The report recommends that States:

   - Adopt price control measures in pricing and reimbursement policies
   with a view to ensuring access of the population, and vulnerable groups
   particularly, to affordable medicines;
   - Select countries with a similar level of economic development to that
   of the State concerned as reference countries in order to secure the lowest
   price medicines through external reference pricing;
   - Monitor and regulate, if necessary, manufacturers' selling prices as
   well as distribution mark-ups in the supply chain, while ensuring
   incentives for wholesalers and retailers for sustainable distribution;
   - Resist trade policies that undermine the ability of States to
   reimburse the price of essential medicines to local pharmaceutical
   companies;
   - Eliminate import tariffs on medicines, except when considered to be
   strategic to the promotion of local production of essential medicines;
   - Remove taxes on all medicines, especially essential medicines, and
   consider other revenue options for health, such as excise taxes on socially
   harmful goods such as tobacco, alcohol and junk foods;
   - Adopt competition laws and policies to prevent pharmaceutical
   companies from indulging in anti-competitive practices and promote
   competitive pricing of medicines together with strong enforcement;
   - Promote competitive policies across therapeutic markets to secure
   reductions in prices of medicines over tiered pricing to secure a greater
   government role in decision-making related to prices of medicines.

 *MEDICINES LISTS*

The report advocates for the preparation of a National List of Essential
Medicines (NEML) to address the health needs of the people as a first step
to ensure availability of essential medicines.
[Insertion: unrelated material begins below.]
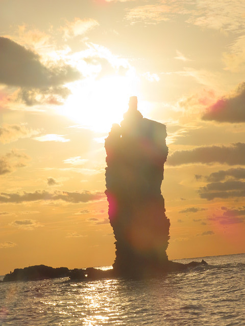 や積丹半島の突端 神威岩(温泉25その2)などがあるが夕日のほどはわからない
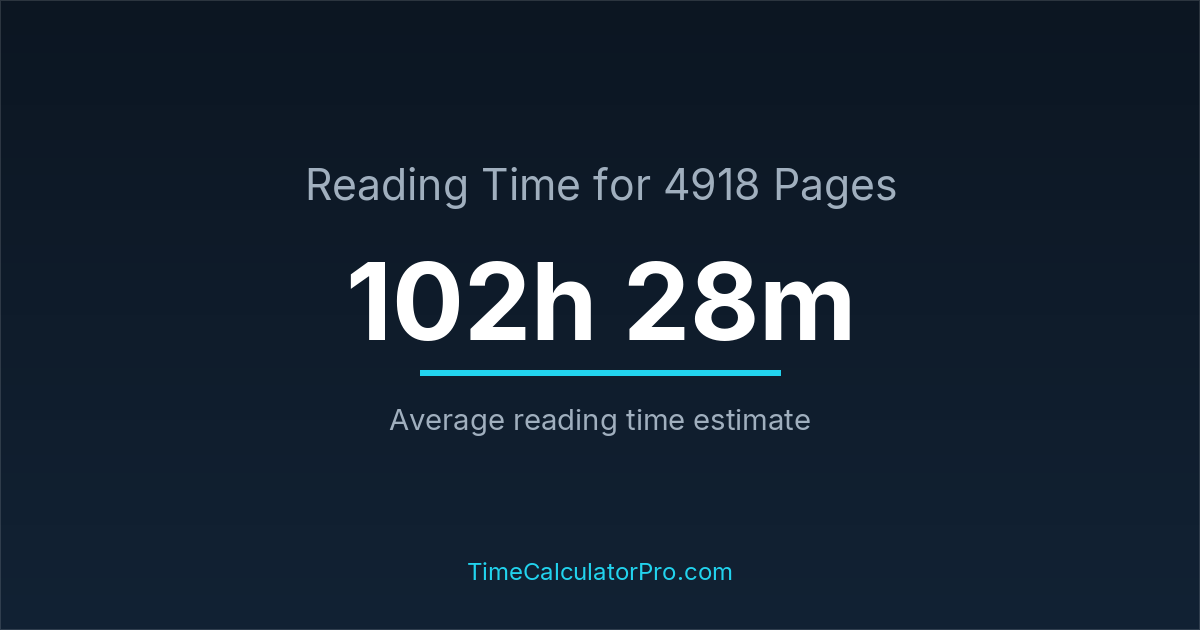 Reading 4918 pages usually takes approximately 102 hours and 28 minutes for the average reader, though this can vary depending on concentration and reading habits.

It states that under the
right-to- health framework, "the process of selection of essential
medicines should be evidence-based, transparent and participatory".

However, it notes that often, States exclude civil society and community
representatives from the selection process of NEML. It further notes
deficiencies in the approaches of the WHO Essential Medicines List (EML)
process. First, it notes the reluctance to include patented medicines and
cites the specific example of the exclusion of patented antiretrovirals
(ARVs) like Raltegravir, Darunavir and Etravirine from EML.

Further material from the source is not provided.